Time passed 0.04238247871398926

Computation of transportation cost for 5 meters with 365 days forcast.
Time passed 0.5914888381958008

Computation of transportation cost for 5 meters with 1000 days forcast.
Time passed 0.988224983215332

Computation of transportation cost for 50 meters with 5 days forcast.
Time passed 0.1218724250793457

Computation of transportation cost for 50 meters with 365 days forcast.
Time passed 3.836216688156128

Computation of transportation cost for 50 meters with 1000 days forcast.
Time passed 13.333918809890747

Computation of transportation cost for 500 meters with 5 days forcast.
Time passed 0.749840497970581

Computation of transportation cost for 500 meters with 365 days forcast.
Time passed 44.17945408821106

Computation of transportation cost for 500 meters with 1000 days forcast.
Time passed 110.31116914749146

Computation of transportation cost for 5000 meters with 5 days forcast

MemoryError: Unable to allocate 3.73 GiB for an array with shape (1, 500320000) and data type int64

This function is not adapted for larger sets of data.
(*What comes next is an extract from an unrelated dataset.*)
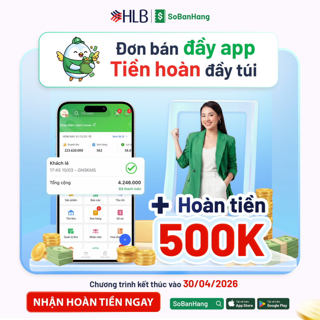 Đối với các chủ kinh doanh, việc quản lý dòng tiền và duy trì số dư tài khoản ổn định không chỉ giúp hoạt động kinh doanh vận hành trơn tru mà còn mở ra nhiều cơ hội nhận thêm lợi ích tài chính. Nhằm khuyến khích người dùng duy trì tài khoản thanh toán hiệu quả, Sổ Bán Hàng phối hợp cùng Hong Leong Bank triển khai chương trình ưu đãi hấp dẫn “Chốt Số Dư Đẹp – Nhận Thưởng Tiền Triệu”.

Here with a meter_list of 50000 meters and a forecast period of 1000 days, I got the following error:
MemoryError: Unable to allocate 3.73 GiB for an array with shape (1, 500320000) and data type int64.

Question 5

We can see that for larger sets of data, it can take quite some time, for example it took about 40 minutes to compute the cost with 50000 meters and 365 days forecast.
To have a faster process and to solve the out of memory issue, we could use parallel computing. If we have a big amount of meters, we could split by meters and use the code as it is. If we have long forecast period, we can split by forecast but we should make sure to keep forecast for the same meter in the same split.
In python, it seems we can use the Dask library, that processes large tabular data by parallelizing pandas.

In the cost calculation, the step to get the rate_p_per_kwh depending on the forecast may be improved. I first merge different dataframes giving me something with too much data and then filter it, which does not seem optimal.